I gutted everything and used a rotary tool to cut and sand off most of the plastic standoffs and the rear for the i/o shield. Some of the standoffs were used later to screw down some plastic holders I cut and glued together. The front button electronics were unfortunately soldered on the wii board itself so I did use a couple of buttons from elsewhere and positioned them with a plastic holder. Power and reset buttons work as well as a power led. I really wanted to use the leds on the wii disc slot from the motherboard hdd activity header but it wasn't enough current to be visible. I used bits of insulation foam strips that I had lying around as standoffs and cushioning to prevent damage internally.
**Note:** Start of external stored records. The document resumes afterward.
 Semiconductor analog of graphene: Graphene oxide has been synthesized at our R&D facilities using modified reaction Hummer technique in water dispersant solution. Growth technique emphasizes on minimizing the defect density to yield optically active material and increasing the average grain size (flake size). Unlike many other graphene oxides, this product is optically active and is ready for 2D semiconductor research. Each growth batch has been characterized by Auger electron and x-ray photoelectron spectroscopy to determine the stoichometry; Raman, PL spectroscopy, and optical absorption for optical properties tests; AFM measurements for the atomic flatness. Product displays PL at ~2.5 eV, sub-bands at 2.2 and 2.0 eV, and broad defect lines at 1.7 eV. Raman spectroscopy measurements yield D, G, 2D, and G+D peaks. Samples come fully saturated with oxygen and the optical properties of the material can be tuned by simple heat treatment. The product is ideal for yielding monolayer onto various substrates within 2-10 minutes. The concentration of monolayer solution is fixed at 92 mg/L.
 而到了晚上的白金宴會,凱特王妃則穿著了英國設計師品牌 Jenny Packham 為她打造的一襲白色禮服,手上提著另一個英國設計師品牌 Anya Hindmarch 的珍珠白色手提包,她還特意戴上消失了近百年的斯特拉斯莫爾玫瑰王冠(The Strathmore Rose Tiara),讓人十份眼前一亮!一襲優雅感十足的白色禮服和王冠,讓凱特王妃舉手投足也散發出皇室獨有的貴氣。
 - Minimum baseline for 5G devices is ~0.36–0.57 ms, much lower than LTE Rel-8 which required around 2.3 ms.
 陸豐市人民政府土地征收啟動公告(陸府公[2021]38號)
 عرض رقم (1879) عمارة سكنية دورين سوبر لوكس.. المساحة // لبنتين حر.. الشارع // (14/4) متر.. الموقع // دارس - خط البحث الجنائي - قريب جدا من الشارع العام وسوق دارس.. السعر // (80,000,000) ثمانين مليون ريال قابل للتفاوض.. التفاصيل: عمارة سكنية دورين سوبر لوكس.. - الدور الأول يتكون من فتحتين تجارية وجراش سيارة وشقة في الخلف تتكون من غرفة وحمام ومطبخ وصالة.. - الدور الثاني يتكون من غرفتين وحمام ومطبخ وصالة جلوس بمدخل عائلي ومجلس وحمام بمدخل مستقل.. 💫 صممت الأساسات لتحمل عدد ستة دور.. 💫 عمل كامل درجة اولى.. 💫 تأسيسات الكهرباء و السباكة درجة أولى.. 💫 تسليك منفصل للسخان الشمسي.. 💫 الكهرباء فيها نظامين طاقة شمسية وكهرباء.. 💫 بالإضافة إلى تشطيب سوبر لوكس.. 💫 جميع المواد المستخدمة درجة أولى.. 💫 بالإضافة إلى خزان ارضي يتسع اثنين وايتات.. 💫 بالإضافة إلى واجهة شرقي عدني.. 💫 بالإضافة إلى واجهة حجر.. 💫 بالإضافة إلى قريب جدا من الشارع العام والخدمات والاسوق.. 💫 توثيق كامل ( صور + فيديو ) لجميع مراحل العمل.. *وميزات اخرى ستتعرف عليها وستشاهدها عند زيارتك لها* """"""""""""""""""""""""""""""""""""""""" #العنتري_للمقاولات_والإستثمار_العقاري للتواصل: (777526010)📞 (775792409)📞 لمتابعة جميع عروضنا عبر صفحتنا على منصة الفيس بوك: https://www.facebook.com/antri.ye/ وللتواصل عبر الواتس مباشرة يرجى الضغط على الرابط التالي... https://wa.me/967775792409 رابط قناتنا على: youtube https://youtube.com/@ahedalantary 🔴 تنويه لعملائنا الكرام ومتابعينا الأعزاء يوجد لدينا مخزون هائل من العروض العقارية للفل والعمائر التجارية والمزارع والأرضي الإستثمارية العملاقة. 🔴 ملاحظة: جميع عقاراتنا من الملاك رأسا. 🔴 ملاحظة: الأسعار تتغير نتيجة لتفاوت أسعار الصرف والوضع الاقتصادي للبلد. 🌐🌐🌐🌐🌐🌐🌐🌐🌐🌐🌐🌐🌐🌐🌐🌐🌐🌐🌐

Motherboard The Wii is roughly 215x157x44 mm (8.5x6.2x1.7 in) which meant that ITX boards wouldn't fit. STX should fit comfortably at 147x140 mm except for the fact that I wanted the rear I/O at the back, right where the Wii has a cut away corner that limits the space even more. Had to make a notch into the case to allow the mobo to get as close as possible to the back and also cut into one of the corner screw posts. I got the asrock stx kit since it was cheaper overall (kit includes power adapter and wifi/bt adapter) and there just aren't that many options.
CPU Went with a pentium since this was more for the fun of building but would like to get an i5/i7 in the future
Cooler I reckoned that the motherboard and cpu would come up about 8-10mm, leaving around 30mm for cooling. Again, not many options at that height and I went with the silverstone nt07-115X. When I first ran it inside the case, the temperature rose dangerously hot (in the 90s at idle) and I did resort to drilling holes for airflow. This brought temps way down (40 idle, 62 load). Noise is acceptable, just don't run it anywhere close to 100% (max rpm is 3400). Also the paste it came with was rather shoddy so I did have to use something else.
RAM Hallelujah it fits.
Storage Adata sx8200 feels super snappy and probably one of the best $/performance nvme drives out there. The 500gb hdd was just an old laptop drive I had lying around that I was happy to see that it fits between the RAM and the case front.
RegretsReflection
One thing I wish I did was flipping the internals and having the motherboard on the other side panel. I could have kept the top flaps with their original hinges and possibly able to have front usb ports under the little panel at the front with the sd card slot. I did consider some noctua 40mm fans instead of drilling the holes for airflow but I did not have an easy way of powering the fans and I would have to give up the hdd.
TLDR: I wanted to see if I could build a pc in a wii.